By default, the server doesn't use wait-for-update unless asked to. I trigger holding the request by adding the query parameter on-update to requests:

(cond
  ...
  (some->> (request :query-string)
           (re-find #"on-update"))
  , (do (wait-for-update f interval stop?)
        (file f))
  ...)

It would be more appropriate to use an HTTP header, but when I tried I ran into Chrome's cache locking, which pauses requests made to the same URL as a pending request, and while Chrome does cancel the pending request after 20 seconds and let the subsequent request finish, that's a long time to wait for a page load that's otherwise instantaneous.
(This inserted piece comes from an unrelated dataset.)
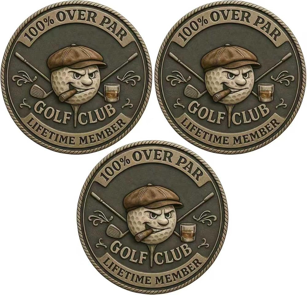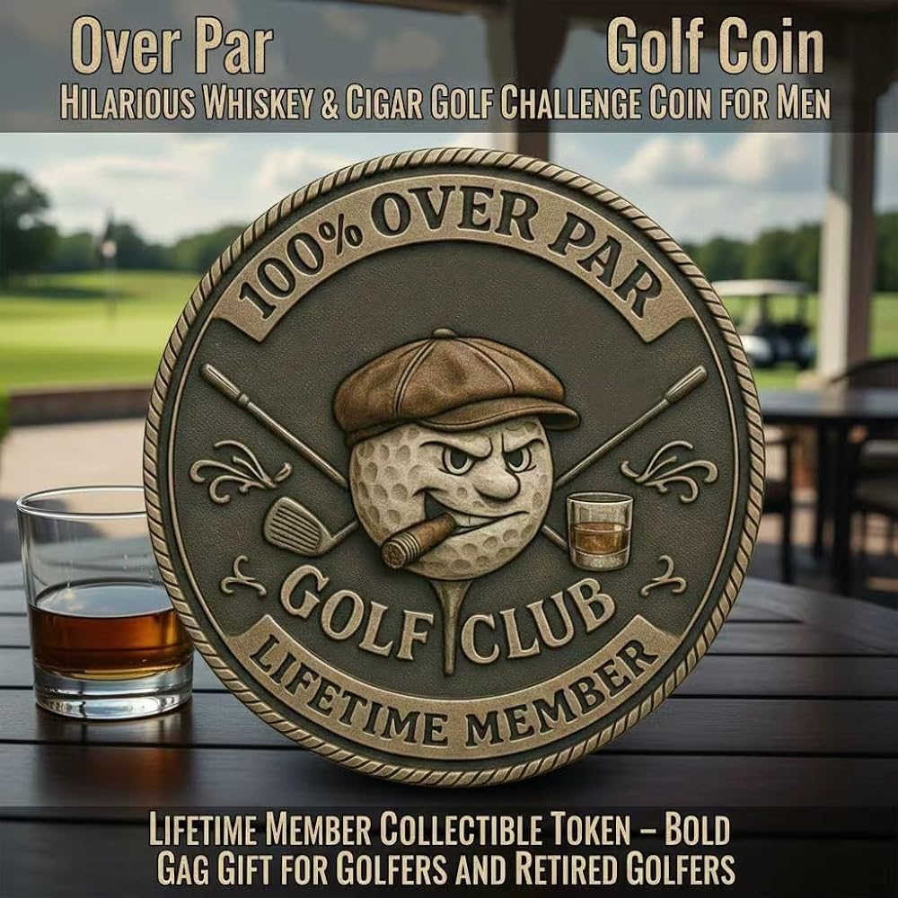 Humorous Design: The "Over Par Old " Golf Coin features a uniquely designed metal piece that showcases a gruff golf ball complete with a cigar and whiskey, making it the perfect funny golf coin.

The two proposed solutions don't seem to be practical for requests triggered by a browser refresh (adding a Cache-Control: no-store header or including a unique query parameter). It's much easier to use a different URL for the long-polling request, which adding a query parameter accomplishes. Basic file servers like this don't typically need query parameters, so using ?on-update hasn't interfered with anything I've used this script for.

The full script is here.

Beyond writing this blog, I've used this live-reload script for a couple other workflows, one of which I'll describe in a subsequent post.